One requirement of the FEMA program is that residents obtain flood insurance through the national flood insurance program, Jager said. Some residents admitted at the meeting they didn’t presently have the insurance.
That’s not a problem, Jager said.
“If you have flood insurance when we apply, just because of the delays in the system, we’ll be able to get you in,” he said. “What we can’t do is we can’t make an application and then they go, ‘hey, we’ve got money for this house,’ and then we go up and that house doesn’t have flood insurance. You basically have to make the decision that you’re in before you apply for the grant.”
“It’s the one time bureaucratic delay helps you,” Jager added.
Officials had prioritized the properties based around the extent of the flooding damage during internal deliberations early in the process, borough emergency manager Casey Cook told residents.
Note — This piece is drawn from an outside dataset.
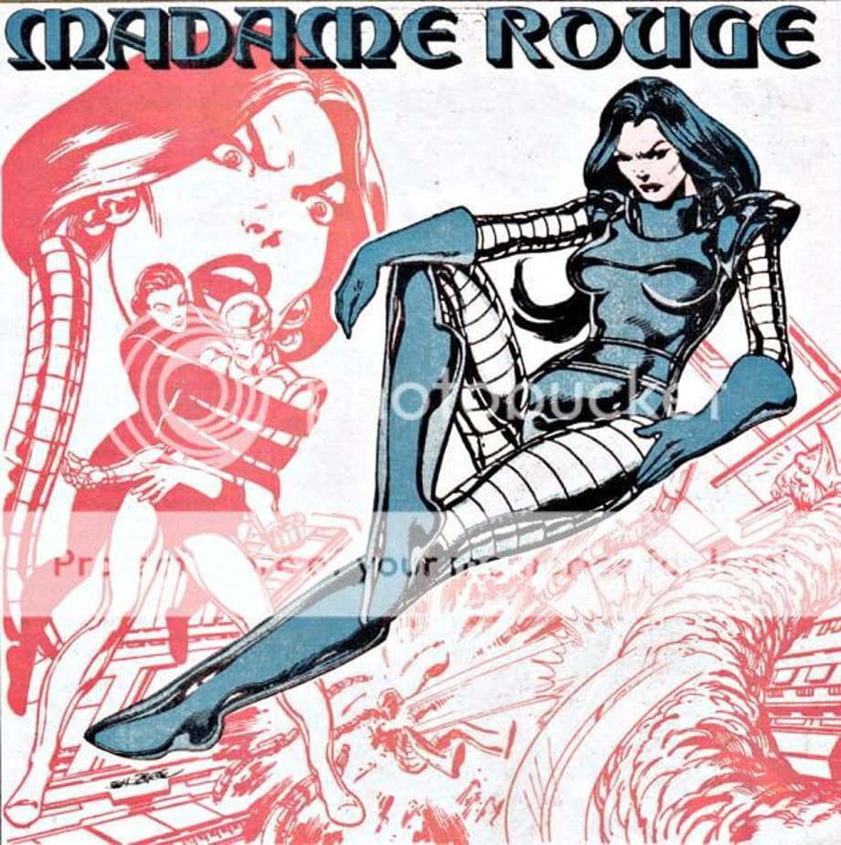 "Laura De Mille was originally a French stage actress who was linked romantically to Niles Caulder before he met Arani Desai. After an automobile accident, she developed a dual good/evil split personality. At this point, she attracted the notice of The Brain and his associate Monsieur Mallah. With Mallah's help, the Brain performed surgery on De Mille that was, from his perspective, successful, sublimating her good personality and allowing her evil personality to remain dominant. As Madame Rouge, De Mille became the only female member of the Brotherhood of Evil, and assisted the Brotherhood in its continuing conflicts against the Doom Patrol. At first, Madame Rouge was simply a master of disguise; subsequent surgery by the Brain eventually gave her the ability to alter her appearance and stretch her limbs. Elasti-Woman at one point mentions that she was a great admirer of De Mille's acting ability, having studied a number of her performances during her days in Hollywood."

However, borough officials eventually decided to prioritize properties with actual residents over those without. Those properties have been numbered from the Old Glenn Highway Bridge going south, and will not be further prioritized, according to Cook.
The buyout has been in the works since the 2012 floods, Cook said.
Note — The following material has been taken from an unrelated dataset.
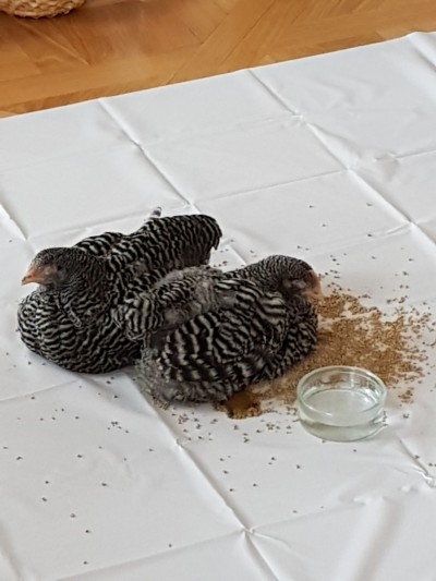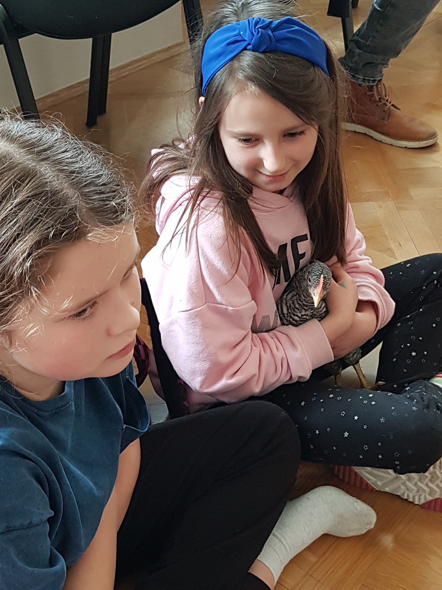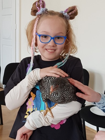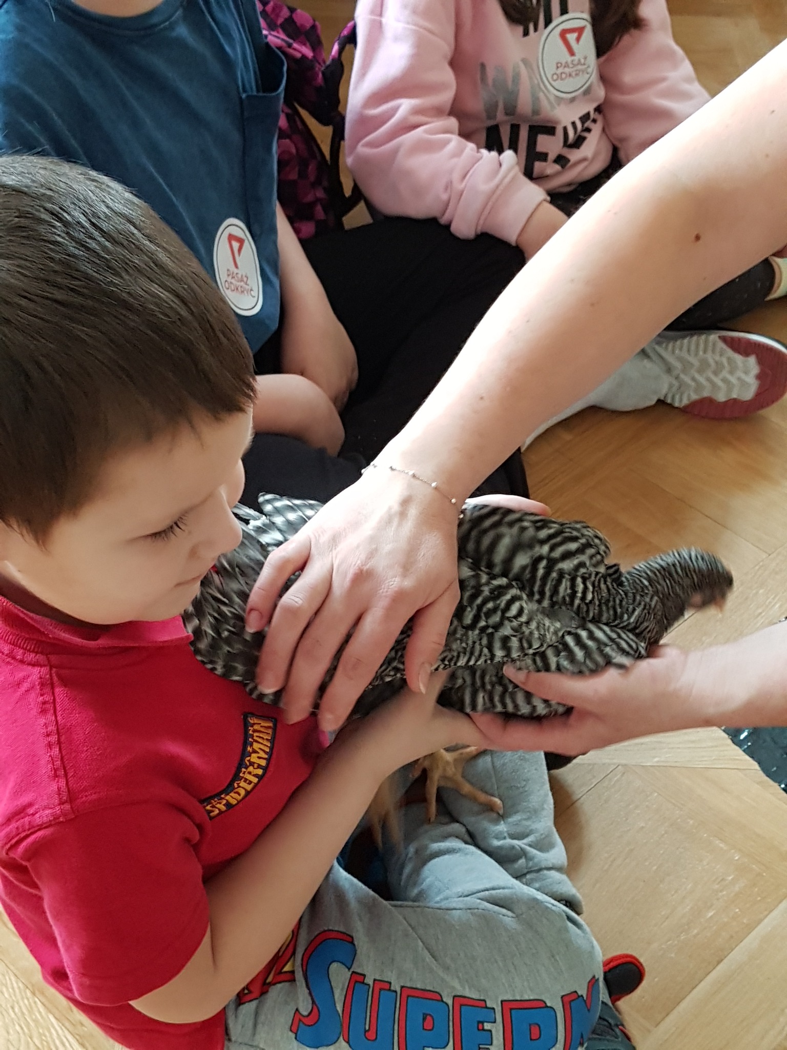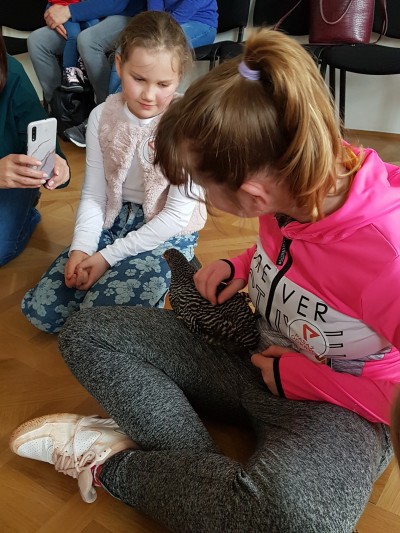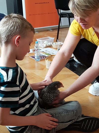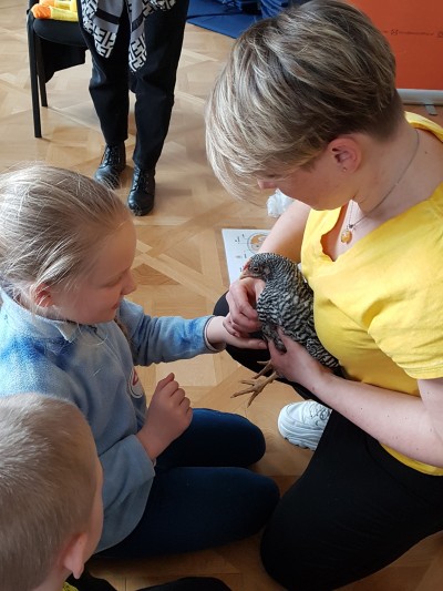 Na koniec sprawdzaliśmy czy pióra są szorstkie w dotyku poprzez głaskanie żywych kur.

“We’re finally getting to this process where we’re able to put things on paper,” he said.
Money awarded from the federal government to states includes a small portion, typically about 15 percent of the whole, set aside for similar disasters anywhere in the state, like the 2013 flooding of the 400-resident town of Galena, along the Yukon River. Grant administrators then parcel out that money to applicants from other parts of the state, as long as they can fully fund a grant application. As the remaining funds are exhausted, smaller and smaller grants are considered for approval, officials said.
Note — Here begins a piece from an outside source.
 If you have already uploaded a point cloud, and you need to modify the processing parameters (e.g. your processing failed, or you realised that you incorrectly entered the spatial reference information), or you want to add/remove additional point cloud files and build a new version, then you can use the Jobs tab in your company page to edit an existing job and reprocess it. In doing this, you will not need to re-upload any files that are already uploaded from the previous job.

That makes timing grant applications important, Jager said.
“There’s a strategic element to this,” he said.
The arrangement also ties grant funds to the misfortunes of others, officials said. The more money spent on the Galena flood, the more money available to Butte and Sutton residents.
Regulations and rules for individual grant applications may also change rapidly, Jager warned. For example, a benefit-cost analysis requirement didn’t give extra value to applications where land was being set aside for preservation, Jager said. However, the rules have changed, meaning riparian (river-side) lands set aside for preservation now have an advantage in the system. That rule changed between Oct 1, when properties were submitted, and Thursday’s meeting.
“It suddenly makes the buyouts look more attractive to the government,” he said. “The rules have changed, and they’ve changed in one month.”
Residents appeared receptive and affable about the prospects moving forward, even engaging in running jokes about a potential park for the site, accusations repeated around the Butte when the water was at it’s worst and officials for the state and borough declined to fix a series of dikes constructed in the area.
“It’ll either be the Casey Cook 1,000 Grey Hairs Memorial Park, or the Pat Huddleson Something Something Something Park,” Cook joked.
Huddleson, famously active on behalf of the Mile 13 to Mile 15 residents, said she’s waiting to see whether official promises about the program pan out. Questions remained, Huddleson said.
“I think until they actually walk our property, we’re still there thinking ‘Yeah, right,’” she said. “We’re kind of hyped up right now, but you know, we’ve been let down so many times, that you know …”
“Empty promises,” her husband, Dan Huddleson interjected.
“That’s exactly it, empty promises,” she echoed.
Fireside owner Steve Silba welcomed the buyout, and found out that evening he was in the first round of buyouts. It wasn’t the way he’d intended for the property to end up, but it was the best way the unpleasant situation could end, Silba said.
“I was gonna live there the rest of my life, and my grandson comes from Anchorage and just loves it,” he said. “It would break my heart if they tore that building down and the DOT built something there and I drove by with my grandkids and said ‘Oh, we can’t walk on that property anymore.”